Im not that great of a painter so went for a easy scheme of krone red ands creaming skull if you have any thing to ask or want to give me some advise just let me know.


----------



## revilo44 (Sep 17, 2010)

No replies, well I'm going to do an update anyway 
So over the weekend I got most of my tactical marines done.only toke one photo.










Stay tune folks


----------



## Jacobite (Jan 26, 2007)

Hey revilo

Its a good color scheme and its nice to see you have gone down the DIY route. I'm no expert on lists but it seems to be a good mix of CC and shooting but still flavorful with the BA gene seed in mind.

Quick question - whats the thought behind having the Dread in a pod? Surely it would be better to put it in the SR with either the DC or AM and have the Tacticals in the DP maybe?

I like the mixed shoulder pads you have used on the meltagunner. Have you though about what you will do for basing?


----------



## shaantitus (Aug 3, 2009)

There are others that might argue with me but the one thing that has improved my painting is washes. The ability to put some shading in the hollows of a model really helps show the detail and give it a more realistic look. Get a piece of a model like an arm that you are not going to use, give it a coat of the screaming skull you have used and then hit it with one of the brown washes, agrax earthshade, ogryn flesh or something like that and see if you like the effect. I found they worked wonders for me.


----------



## Jacobite (Jan 26, 2007)

shaantitus said:


> There are others that might argue with me but the one thing that has improved my painting is washes. The ability to put some shading in the hollows of a model really helps show the detail and give it a more realistic look. Get a piece of a model like an arm that you are not going to use, give it a coat of the screaming skull you have used and then hit it with one of the brown washes, agrax earthshade, ogryn flesh or something like that and see if you like the effect. I found they worked wonders for me.


What shaan said, washes really helped me out as well.
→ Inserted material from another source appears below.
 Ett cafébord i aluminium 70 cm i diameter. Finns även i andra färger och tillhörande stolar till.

I love the things!


----------



## Magpie_Oz (Jan 16, 2012)

Definitely washes,they make a big difference.

Brave choice going with white, it is a hard colour to get right but you're doing a pretty good job so far. 
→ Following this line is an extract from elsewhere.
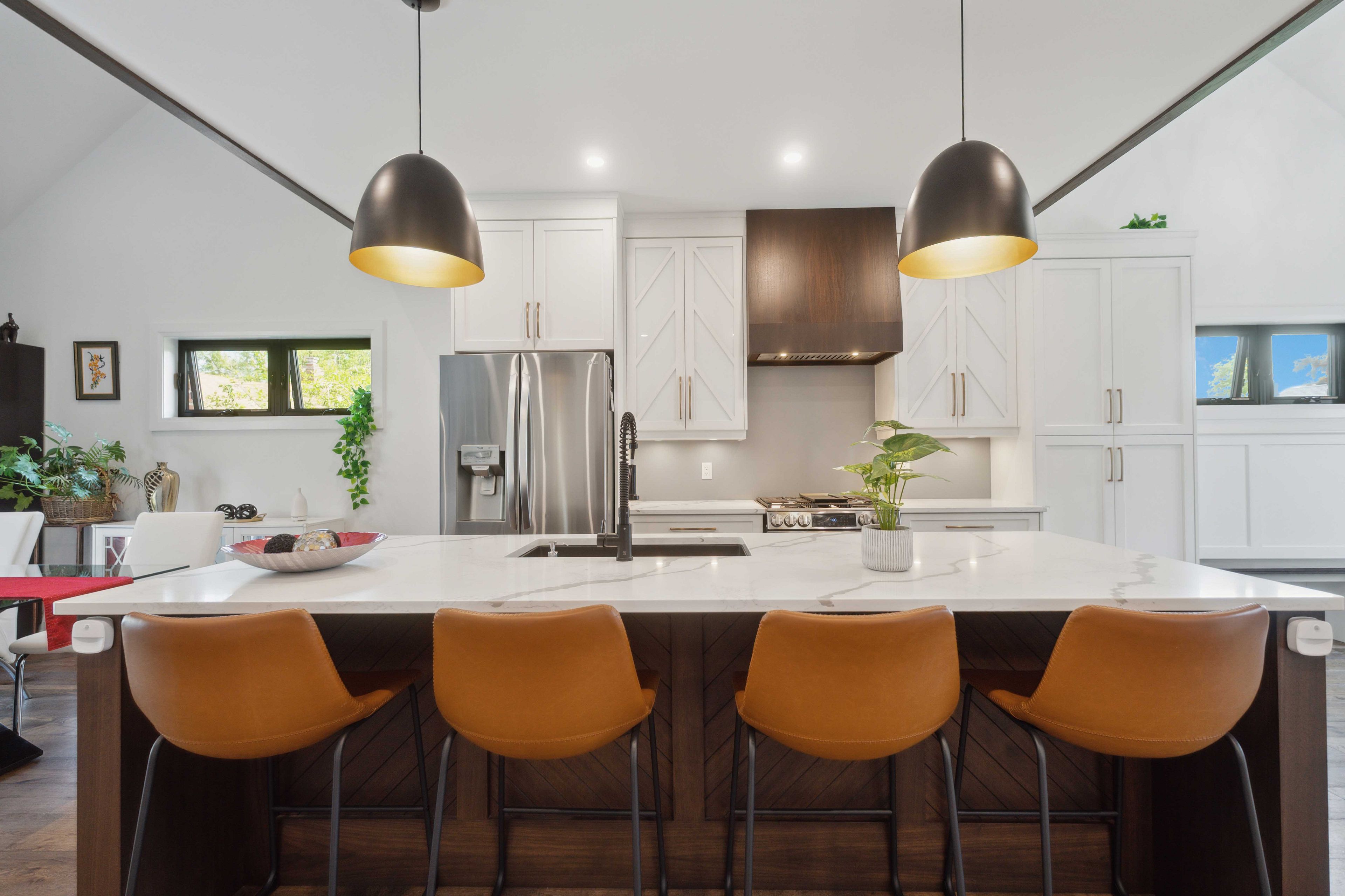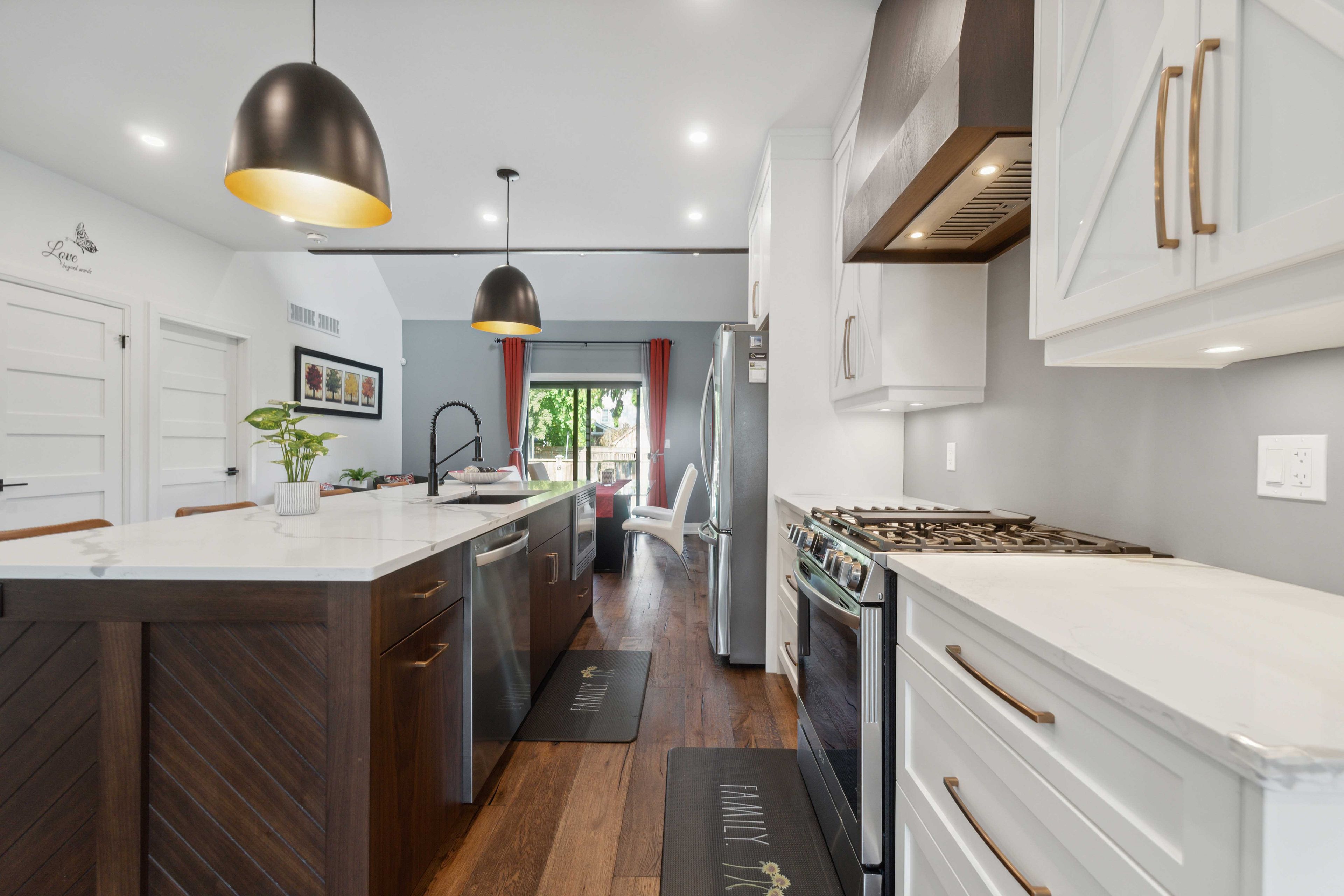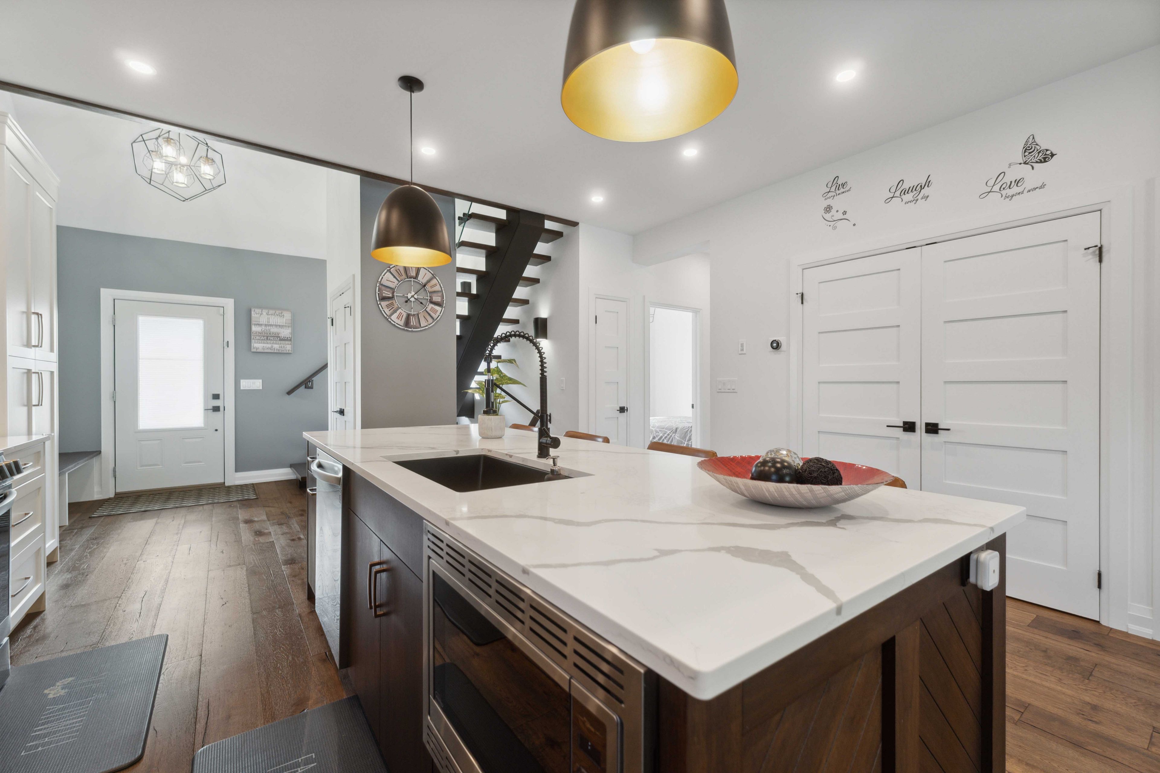 • Stylish two-tone kitchen with a large island and quartz countertops.

Also I'd add a little bit of black here and there as it makes a great contrast, maybe black weapons ?


----------



## JAMOB (Dec 30, 2010)

Really fascinating color scheme. I would agree with the idea of contrast: you might want to keep the helmets red/yellow respectively and then make maybe the shoulder pads, or as magpie said the guns black.


----------



## Ring Master "Honka" (Oct 31, 2011)

im not very good at painting either im what you class as a lazy paint if the model looks good from a distance then its good to me. 
i agree with the others though simple wash would do you the world of good and if you really want to make them pop a little more once youe washed them and they have dried just go back with a little of the original paint and go over some of higher areas.


----------



## revilo44 (Sep 17, 2010)

Jacobite said:


> Hey revilo
> 
> Its a good color scheme and its nice to see you have gone down the DIY route. I'm no expert on lists but it seems to be a good mix of CC and shooting but still flavorful with the BA gene seed in mind.
> 
> ...


I was thinking about doing a desert bases.I do run my dred in the pod. I have forgot to mention I've got another dred for 2000points which will be stormravened 



shaantitus said:


> There are others that might argue with me but the one thing that has improved my painting is washes. The ability to put some shading in the hollows of a model really helps show the detail and give it a more realistic look. Get a piece of a model like an arm that you are not going to use, give it a coat of the screaming skull you have used and then hit it with one of the brown washes, agrax earthshade, ogryn flesh or something like that and see if you like the effect. I found they worked wonders for me.


I will try that thanks 


Jacobite said:


> What shaan said, washes really helped me out as well. I love the things!





Magpie_Oz said:


> Definitely washes,they make a big difference.
> 
> Brave choice going with white, it is a hard colour to get right but you're doing a pretty good job so far.
> Thanks I though it was cream colour.i thought of the colour scheme before the new paint range came out.
> ...


I will give that go 



JAMOB said:


> Really fascinating color scheme. I would agree with the idea of contrast: you might want to keep the helmets red/yellow respectively and then make maybe the shoulder pads, or as magpie said the guns black.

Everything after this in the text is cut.